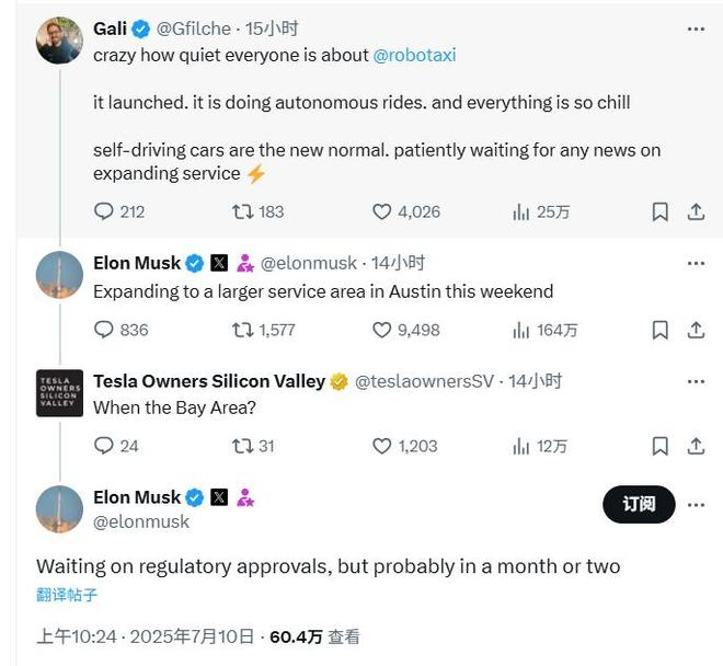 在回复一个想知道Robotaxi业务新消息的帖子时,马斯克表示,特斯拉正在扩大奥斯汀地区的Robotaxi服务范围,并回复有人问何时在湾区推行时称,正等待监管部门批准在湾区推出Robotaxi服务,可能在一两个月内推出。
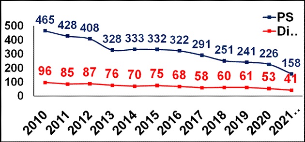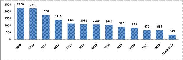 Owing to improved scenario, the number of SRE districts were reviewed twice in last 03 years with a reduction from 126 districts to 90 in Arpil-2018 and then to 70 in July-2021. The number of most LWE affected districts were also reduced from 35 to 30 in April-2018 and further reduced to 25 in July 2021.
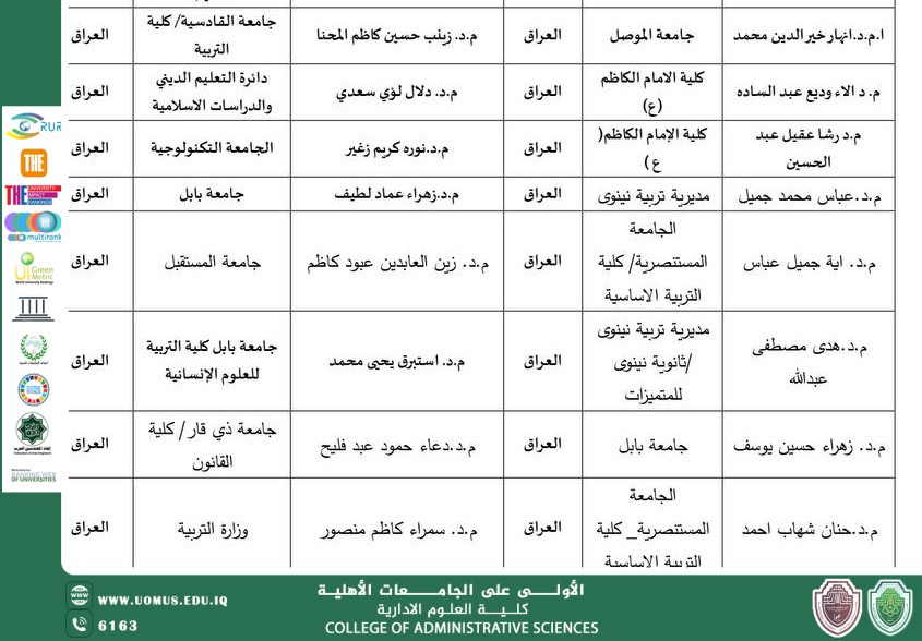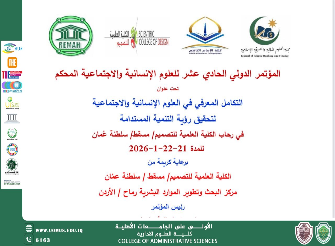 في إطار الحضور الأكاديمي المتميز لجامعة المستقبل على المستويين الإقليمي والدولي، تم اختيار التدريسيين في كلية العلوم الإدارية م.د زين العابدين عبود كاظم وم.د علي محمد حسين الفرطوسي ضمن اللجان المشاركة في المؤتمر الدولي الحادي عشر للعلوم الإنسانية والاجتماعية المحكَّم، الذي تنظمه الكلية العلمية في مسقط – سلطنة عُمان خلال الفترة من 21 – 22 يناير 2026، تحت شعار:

-----

→ **Exercise brief**: The exact lines from the beginning of the data through the one that contains "Owing to improved" must be given again, both ends included, and pictures must be left out.

→ **Task solution**:
 在回复一个想知道Robotaxi业务新消息的帖子时,马斯克表示,特斯拉正在扩大奥斯汀地区的Robotaxi服务范围,并回复有人问何时在湾区推行时称,正等待监管部门批准在湾区推出Robotaxi服务,可能在一两个月内推出。
 Owing to improved scenario, the number of SRE districts were reviewed twice in last 03 years with a reduction from 126 districts to 90 in Arpil-2018 and then to 70 in July-2021. The number of most LWE affected districts were also reduced from 35 to 30 in April-2018 and further reduced to 25 in July 2021.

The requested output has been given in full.